The Game is a non-stop 24- to 48-hour treasure hunt, puzzlehunt or road rally that has run in the San Francisco Bay and Seattle areas. Its teams use vans rigged with power and Internet access and drive hundreds of miles from puzzle site to puzzle site, overcoming often outrageous physical and mental challenges along the way, usually with no sleep. Teams in games have been required to walk around the roof of the Space Needle, find a puzzle hidden in a live rat, and circulate a petition to ban dihydrogen monoxide from local ecosystems while dressed in superhero outfits.

Game founder Joe Belfiore has described the Game as "the ultimate test for Renaissance men and women."

History
The earliest roots of The Game can be found in games created in Los Angeles in 1973 by a graphic designer named Donald Luskin and longtime friend, Patrick Carlyle.  Teams competed all night long solving puzzles across L.A. for a $100 first prize. The game was a mostly underground affair, but eventually drew the attention of the Los Angeles Times. and later the Walt Disney Company, who produced a movie, Midnight Madness, based on Luskin's game.

In 1985 Joe Belfiore (at that time a student at Clearwater Central Catholic High School) and his friends, inspired by Midnight Madness, created a race like the one in the film. They played four more games before Joe moved to Stanford University to go to school. With Stanford classmates Eli Ben-Shoshan and Andrew Reisner, he created the Bay Area Race Fantastique (BARF) which occurred six times before changing its name to 'The Game'.  There are some interesting notes about the initial BARFs and number of teams that actually completed them due to the hyper-competitive aspect of the BARF format.

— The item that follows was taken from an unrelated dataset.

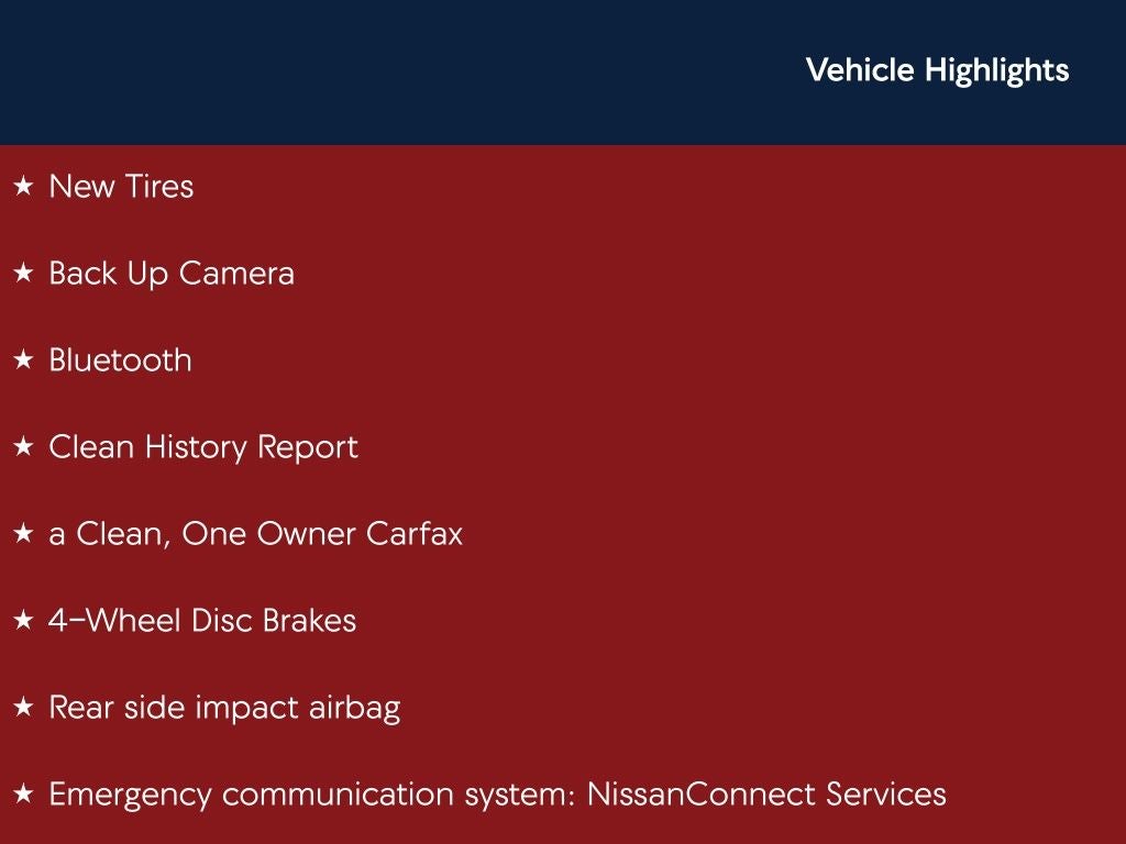- Emergency SOS Capable NissanConnect Services vehicle integrated emergency SOS system

The term "Gentleman's Game" was used to describe the Stanford Game shortly after Joe Belfiore graduated, meaning there was no prize for winning, only bragging rights.

Two more events were held in the Bay Area before Joe Belfiore moved to Seattle to work for Microsoft, taking the official "The Game" with him (although the San Francisco Bay Area people still consider their games to also be "The Game").  Structurally, the two Games are identical, but the Seattle Games tend to be more competitive and require more technological gear.  The post-Stanford Games were organized in Seattle, Napa/Sonoma, New York, Los Angeles and Las Vegas throughout 1995–2002.

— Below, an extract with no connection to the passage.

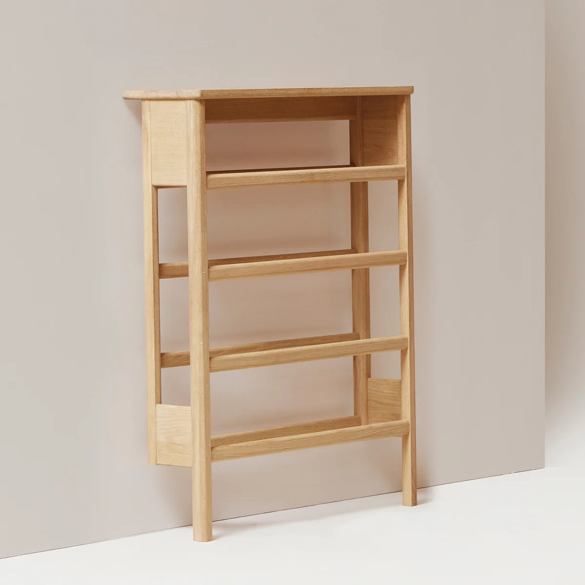 Le A Line étagère à chaussures de Form & Refine combine une étagère à chaussures pratique avec les avantages d'un rangement. Que ce soit dans le couloir, l'entrée, le dressing ou la pièce à vivre, les étagères permettent de ranger jusqu'à 12 paires de chaussures, l'entretoise supérieure servant de rangement pour les petits objets du quotidien. Grâce à son design ingénieux, l'étagère peut être confortablement appuyée contre le mur, voire fixée si nécessaire.

Currently, versions of The Game (both full-blown and abbreviated foot-transportation-only) are organized regularly by Stanford dorm staff members as a bonding activity for their residents.  Similarly, Microsoft continues running the "Intern Game" for summer interns, organized by Stanford Alums employed at Microsoft.

Structure
The general structure of The Game is a series of puzzle challenges, often called "Clues".  Each challenge solves to the location where the next challenge can be found.  During the course of The Game, a team will often travel all around a metropolitan area.

Usually there is an overall theme to the clues, or even a story that ties all the clues together.

Game communities
The next Game each year would typically be run by whatever team felt the ability, chutzpah and desire to do so. In the early days of BARF and in the subsequent Seattle Games, the first-right-of-refusal fell to the team who won the previous Game.   Future Game Controls (GCs) in the Bay Area tended to rely on the expertise of previous GCs and the so-called legitimacy of owning the "Captain's List".   In the Bay Area there is no "Central System" or "Central Ownership" per se, but rather an autonomous collective of Gamers (a group of teams that communicate with one another) and a group-moderated site.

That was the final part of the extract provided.